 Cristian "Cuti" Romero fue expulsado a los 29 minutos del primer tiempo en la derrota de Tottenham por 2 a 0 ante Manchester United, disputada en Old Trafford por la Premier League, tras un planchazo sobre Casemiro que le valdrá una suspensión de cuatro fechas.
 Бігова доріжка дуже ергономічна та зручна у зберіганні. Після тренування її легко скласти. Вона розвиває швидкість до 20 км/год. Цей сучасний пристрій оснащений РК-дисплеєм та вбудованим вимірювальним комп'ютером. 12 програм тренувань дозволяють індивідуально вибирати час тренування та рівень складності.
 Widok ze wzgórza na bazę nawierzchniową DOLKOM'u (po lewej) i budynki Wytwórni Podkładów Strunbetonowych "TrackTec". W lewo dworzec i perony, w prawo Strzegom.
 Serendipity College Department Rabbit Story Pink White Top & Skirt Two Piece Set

* * *

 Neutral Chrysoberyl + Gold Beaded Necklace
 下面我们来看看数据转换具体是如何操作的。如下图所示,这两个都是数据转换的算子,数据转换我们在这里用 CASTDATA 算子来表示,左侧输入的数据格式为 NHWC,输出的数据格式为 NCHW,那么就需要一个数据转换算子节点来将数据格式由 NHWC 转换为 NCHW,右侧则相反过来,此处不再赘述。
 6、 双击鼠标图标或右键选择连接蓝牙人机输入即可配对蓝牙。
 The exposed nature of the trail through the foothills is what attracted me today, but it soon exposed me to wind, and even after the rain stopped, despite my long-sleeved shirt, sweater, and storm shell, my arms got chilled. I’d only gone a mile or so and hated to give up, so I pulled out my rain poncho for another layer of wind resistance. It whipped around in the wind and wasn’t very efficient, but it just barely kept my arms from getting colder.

→ **PROBLEM STATEMENT**
Starting with the line with "6、 双击鼠标图标或右键选择连接蓝牙人机输入即可配对蓝牙。" above and going on through the line with "The exposed nature", transcribe every line exactly, both ends included, and add nothing.

→ **WORKED SOLUTION**
 6、 双击鼠标图标或右键选择连接蓝牙人机输入即可配对蓝牙。
 The exposed nature of the trail through the foothills is what attracted me today, but it soon exposed me to wind, and even after the rain stopped, despite my long-sleeved shirt, sweater, and storm shell, my arms got chilled. I’d only gone a mile or so and hated to give up, so I pulled out my rain poncho for another layer of wind resistance. It whipped around in the wind and wasn’t very efficient, but it just barely kept my arms from getting colder.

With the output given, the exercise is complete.